Items from a dataset
▽

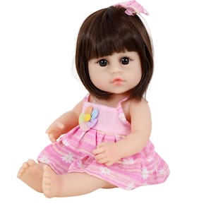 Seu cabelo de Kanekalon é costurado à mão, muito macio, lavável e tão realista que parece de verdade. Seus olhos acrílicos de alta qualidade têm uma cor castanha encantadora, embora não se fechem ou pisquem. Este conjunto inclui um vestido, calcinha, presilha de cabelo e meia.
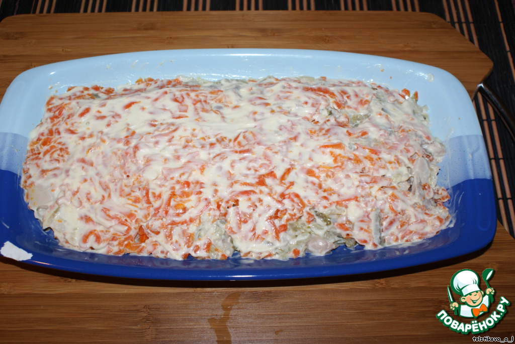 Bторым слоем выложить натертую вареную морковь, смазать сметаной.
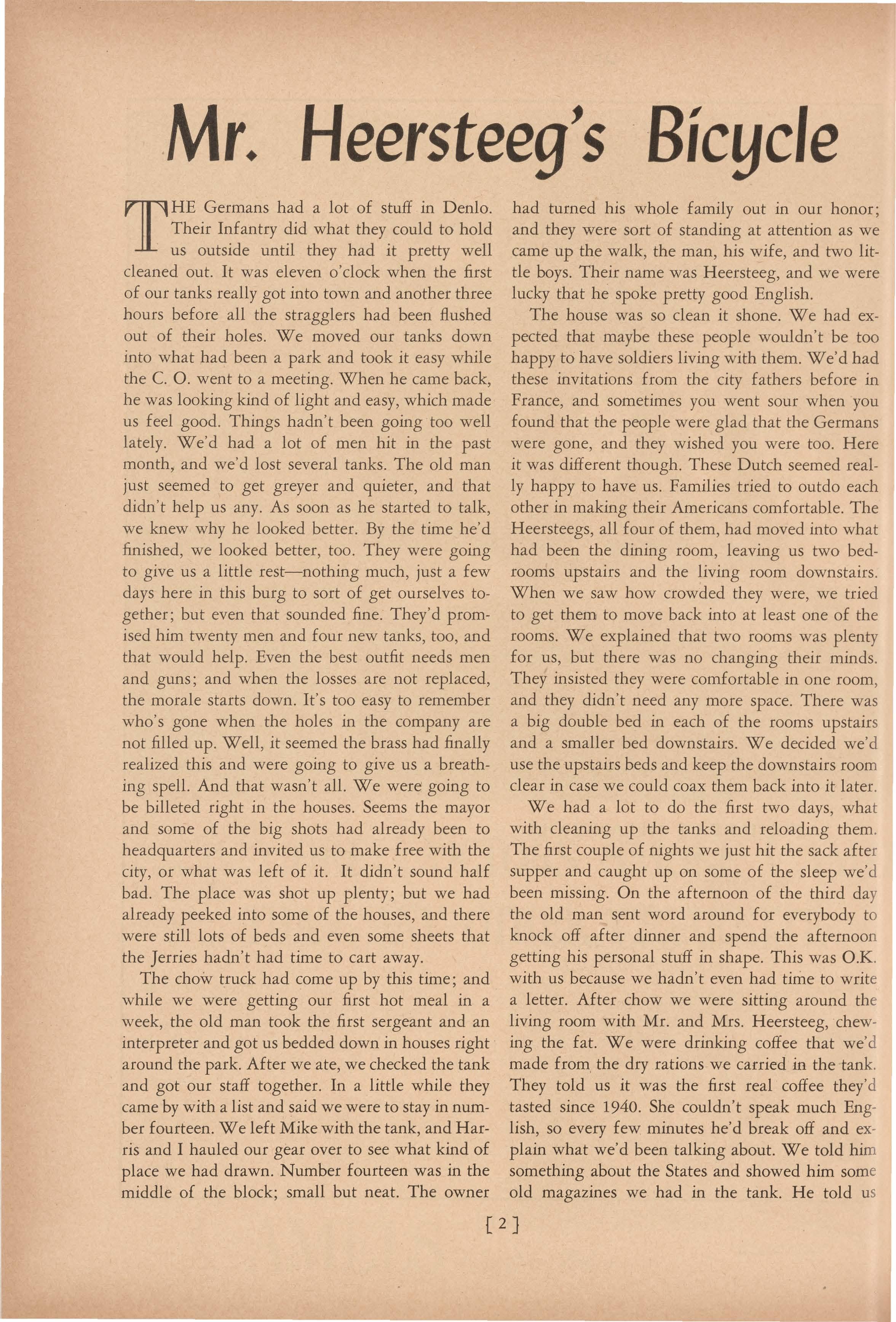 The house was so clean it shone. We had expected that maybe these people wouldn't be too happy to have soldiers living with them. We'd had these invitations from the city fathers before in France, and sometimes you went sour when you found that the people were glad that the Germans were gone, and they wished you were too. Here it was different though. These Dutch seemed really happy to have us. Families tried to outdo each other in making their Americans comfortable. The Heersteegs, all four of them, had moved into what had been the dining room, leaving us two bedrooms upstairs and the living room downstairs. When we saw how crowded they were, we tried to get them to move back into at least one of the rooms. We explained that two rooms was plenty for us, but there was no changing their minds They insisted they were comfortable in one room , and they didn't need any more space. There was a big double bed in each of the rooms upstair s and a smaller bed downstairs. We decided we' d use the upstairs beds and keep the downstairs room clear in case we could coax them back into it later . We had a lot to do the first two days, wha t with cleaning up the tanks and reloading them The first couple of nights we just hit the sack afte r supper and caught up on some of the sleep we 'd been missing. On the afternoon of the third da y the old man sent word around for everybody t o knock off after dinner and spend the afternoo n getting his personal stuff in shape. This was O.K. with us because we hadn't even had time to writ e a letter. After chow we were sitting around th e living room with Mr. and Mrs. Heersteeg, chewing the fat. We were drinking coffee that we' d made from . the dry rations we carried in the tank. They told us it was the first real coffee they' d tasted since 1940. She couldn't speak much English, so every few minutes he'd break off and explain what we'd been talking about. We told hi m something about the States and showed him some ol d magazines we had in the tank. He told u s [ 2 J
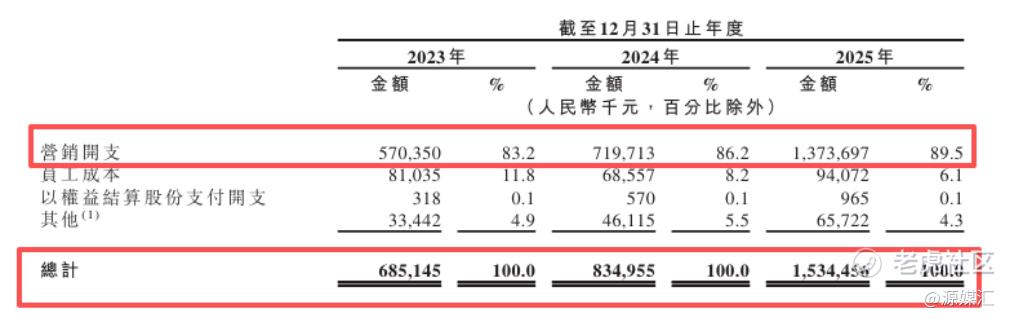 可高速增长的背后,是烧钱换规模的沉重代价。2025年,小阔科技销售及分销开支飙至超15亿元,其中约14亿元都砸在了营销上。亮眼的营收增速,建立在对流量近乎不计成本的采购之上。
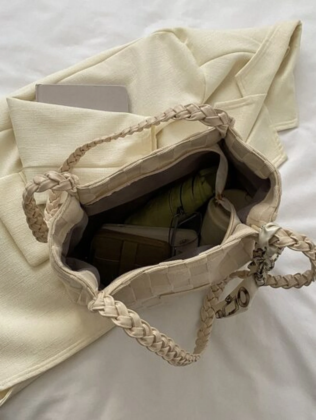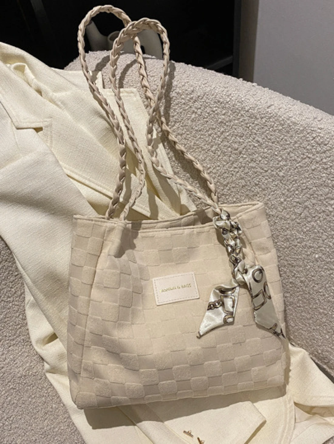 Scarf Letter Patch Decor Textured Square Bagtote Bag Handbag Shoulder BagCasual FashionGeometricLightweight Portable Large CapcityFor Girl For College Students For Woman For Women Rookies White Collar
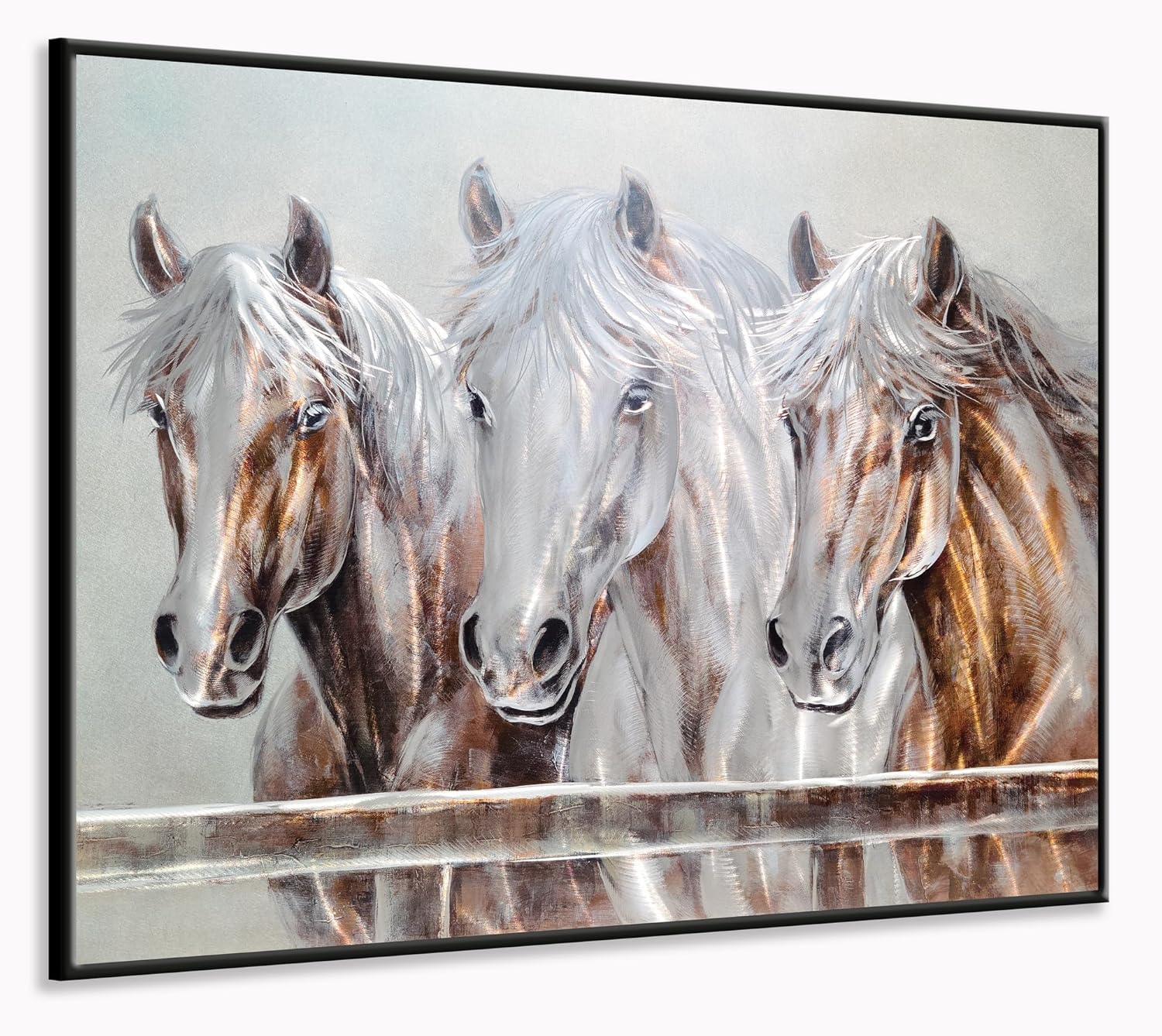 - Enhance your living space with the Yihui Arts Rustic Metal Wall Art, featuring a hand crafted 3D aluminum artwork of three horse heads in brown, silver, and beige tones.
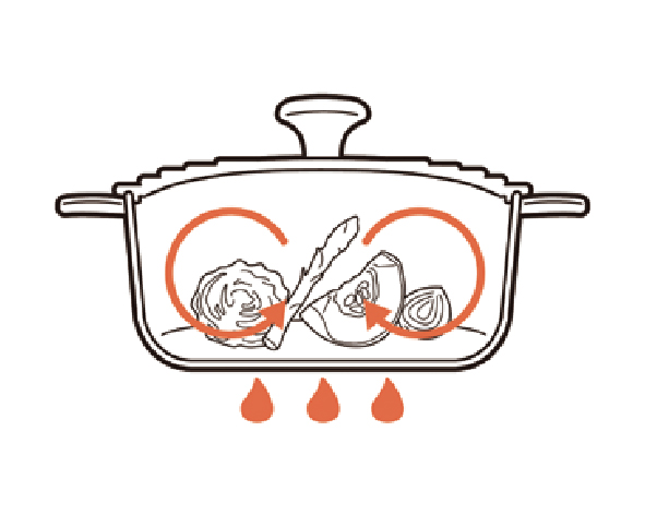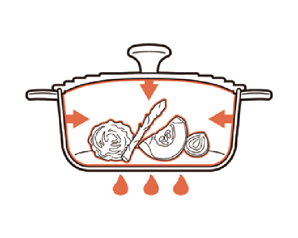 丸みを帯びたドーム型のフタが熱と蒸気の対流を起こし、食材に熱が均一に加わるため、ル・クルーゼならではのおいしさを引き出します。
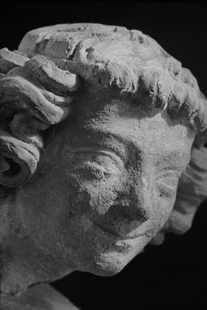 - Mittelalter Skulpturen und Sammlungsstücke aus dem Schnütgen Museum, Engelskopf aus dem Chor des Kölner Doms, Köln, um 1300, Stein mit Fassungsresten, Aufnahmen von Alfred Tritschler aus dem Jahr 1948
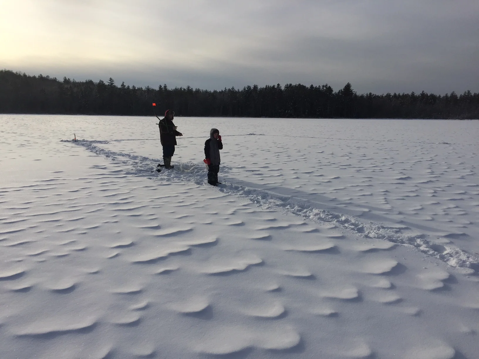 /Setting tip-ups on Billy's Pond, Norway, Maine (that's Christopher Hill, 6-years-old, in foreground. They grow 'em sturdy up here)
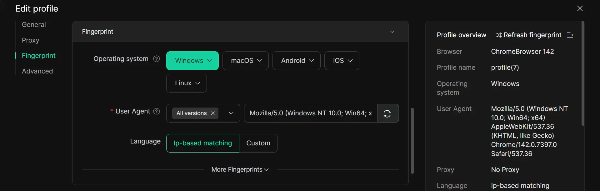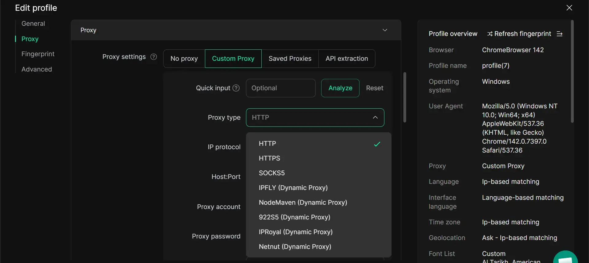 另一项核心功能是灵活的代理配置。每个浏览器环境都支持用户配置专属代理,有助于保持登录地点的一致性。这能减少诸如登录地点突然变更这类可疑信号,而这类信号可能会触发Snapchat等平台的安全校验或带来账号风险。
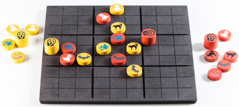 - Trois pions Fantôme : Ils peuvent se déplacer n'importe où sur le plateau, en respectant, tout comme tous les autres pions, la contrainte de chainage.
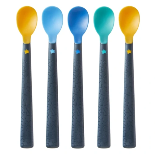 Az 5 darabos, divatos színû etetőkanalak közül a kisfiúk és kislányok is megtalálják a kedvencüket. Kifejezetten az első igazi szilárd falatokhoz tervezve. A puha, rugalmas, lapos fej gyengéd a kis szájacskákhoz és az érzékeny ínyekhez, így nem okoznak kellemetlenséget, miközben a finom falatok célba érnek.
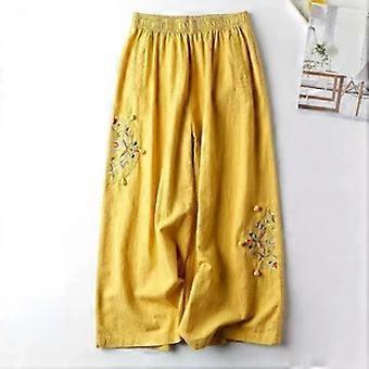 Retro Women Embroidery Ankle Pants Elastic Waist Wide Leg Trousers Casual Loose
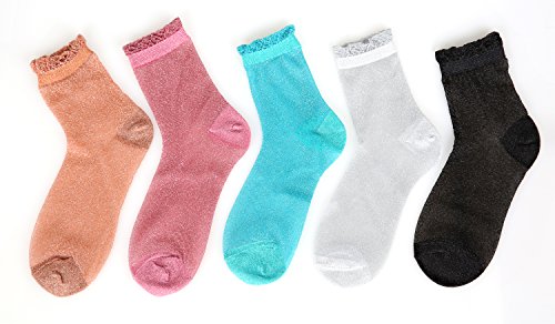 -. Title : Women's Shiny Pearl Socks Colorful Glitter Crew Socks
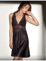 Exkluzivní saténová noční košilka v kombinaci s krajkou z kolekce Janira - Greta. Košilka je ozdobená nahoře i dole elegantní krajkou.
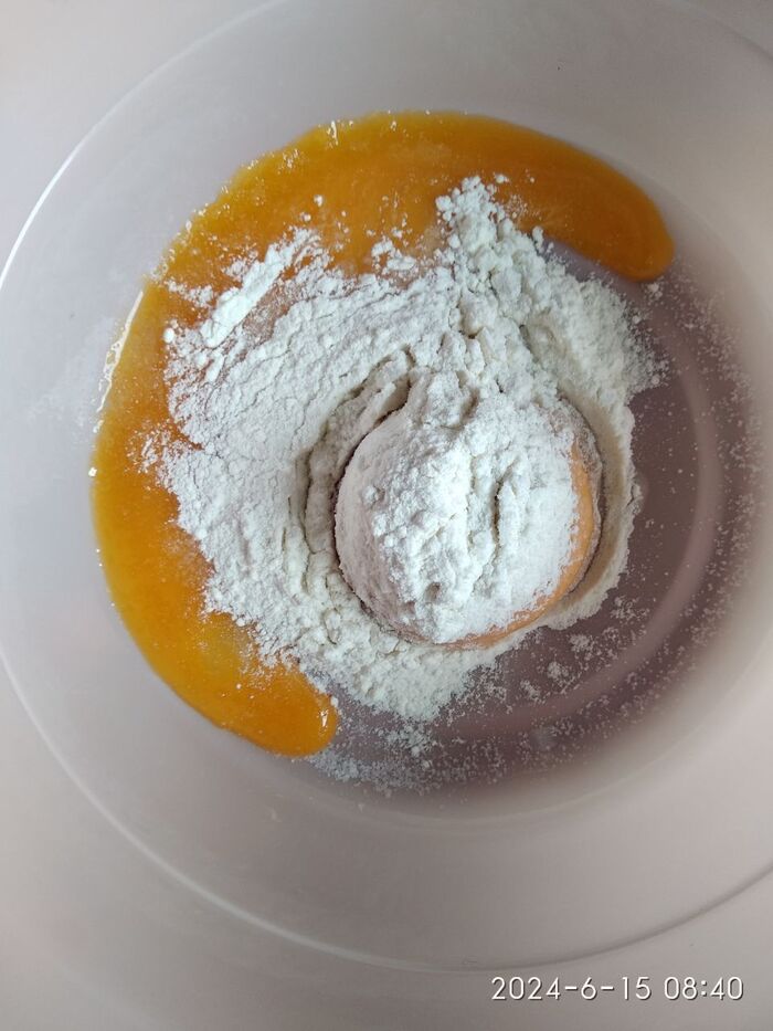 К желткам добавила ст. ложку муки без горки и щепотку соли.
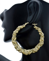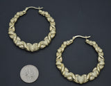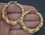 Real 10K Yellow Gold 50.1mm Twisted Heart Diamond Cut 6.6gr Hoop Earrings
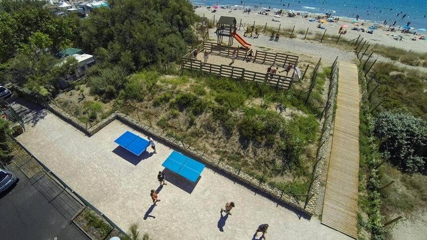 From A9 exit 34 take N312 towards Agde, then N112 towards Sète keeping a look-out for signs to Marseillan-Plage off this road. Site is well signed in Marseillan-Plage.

△

Prompt
Give the records back exactly. Leave the pictures out.

Exercise output
 Seu cabelo de Kanekalon é costurado à mão, muito macio, lavável e tão realista que parece de verdade. Seus olhos acrílicos de alta qualidade têm uma cor castanha encantadora, embora não se fechem ou pisquem. Este conjunto inclui um vestido, calcinha, presilha de cabelo e meia.
 Bторым слоем выложить натертую вареную морковь, смазать сметаной.
 The house was so clean it shone. We had expected that maybe these people wouldn't be too happy to have soldiers living with them. We'd had these invitations from the city fathers before in France, and sometimes you went sour when you found that the people were glad that the Germans were gone, and they wished you were too. Here it was different though. These Dutch seemed really happy to have us. Families tried to outdo each other in making their Americans comfortable. The Heersteegs, all four of them, had moved into what had been the dining room, leaving us two bedrooms upstairs and the living room downstairs. When we saw how crowded they were, we tried to get them to move back into at least one of the rooms. We explained that two rooms was plenty for us, but there was no changing their minds They insisted they were comfortable in one room , and they didn't need any more space. There was a big double bed in each of the rooms upstair s and a smaller bed downstairs. We decided we' d use the upstairs beds and keep the downstairs room clear in case we could coax them back into it later . We had a lot to do the first two days, wha t with cleaning up the tanks and reloading them The first couple of nights we just hit the sack afte r supper and caught up on some of the sleep we 'd been missing. On the afternoon of the third da y the old man sent word around for everybody t o knock off after dinner and spend the afternoo n getting his personal stuff in shape. This was O.K. with us because we hadn't even had time to writ e a letter. After chow we were sitting around th e living room with Mr. and Mrs. Heersteeg, chewing the fat. We were drinking coffee that we' d made from . the dry rations we carried in the tank. They told us it was the first real coffee they' d tasted since 1940. She couldn't speak much English, so every few minutes he'd break off and explain what we'd been talking about. We told hi m something about the States and showed him some ol d magazines we had in the tank. He told u s [ 2 J
 可高速增长的背后,是烧钱换规模的沉重代价。2025年,小阔科技销售及分销开支飙至超15亿元,其中约14亿元都砸在了营销上。亮眼的营收增速,建立在对流量近乎不计成本的采购之上。
 Scarf Letter Patch Decor Textured Square Bagtote Bag Handbag Shoulder BagCasual FashionGeometricLightweight Portable Large CapcityFor Girl For College Students For Woman For Women Rookies White Collar
 - Enhance your living space with the Yihui Arts Rustic Metal Wall Art, featuring a hand crafted 3D aluminum artwork of three horse heads in brown, silver, and beige tones.
 丸みを帯びたドーム型のフタが熱と蒸気の対流を起こし、食材に熱が均一に加わるため、ル・クルーゼならではのおいしさを引き出します。
 - Mittelalter Skulpturen und Sammlungsstücke aus dem Schnütgen Museum, Engelskopf aus dem Chor des Kölner Doms, Köln, um 1300, Stein mit Fassungsresten, Aufnahmen von Alfred Tritschler aus dem Jahr 1948
 /Setting tip-ups on Billy's Pond, Norway, Maine (that's Christopher Hill, 6-years-old, in foreground. They grow 'em sturdy up here)
 另一项核心功能是灵活的代理配置。每个浏览器环境都支持用户配置专属代理,有助于保持登录地点的一致性。这能减少诸如登录地点突然变更这类可疑信号,而这类信号可能会触发Snapchat等平台的安全校验或带来账号风险。
 - Trois pions Fantôme : Ils peuvent se déplacer n'importe où sur le plateau, en respectant, tout comme tous les autres pions, la contrainte de chainage.
 Az 5 darabos, divatos színû etetőkanalak közül a kisfiúk és kislányok is megtalálják a kedvencüket. Kifejezetten az első igazi szilárd falatokhoz tervezve. A puha, rugalmas, lapos fej gyengéd a kis szájacskákhoz és az érzékeny ínyekhez, így nem okoznak kellemetlenséget, miközben a finom falatok célba érnek.
 Retro Women Embroidery Ankle Pants Elastic Waist Wide Leg Trousers Casual Loose
 -. Title : Women's Shiny Pearl Socks Colorful Glitter Crew Socks
 Exkluzivní saténová noční košilka v kombinaci s krajkou z kolekce Janira - Greta. Košilka je ozdobená nahoře i dole elegantní krajkou.
 К желткам добавила ст. ложку муки без горки и щепотку соли.
 Real 10K Yellow Gold 50.1mm Twisted Heart Diamond Cut 6.6gr Hoop Earrings
 From A9 exit 34 take N312 towards Agde, then N112 towards Sète keeping a look-out for signs to Marseillan-Plage off this road. Site is well signed in Marseillan-Plage.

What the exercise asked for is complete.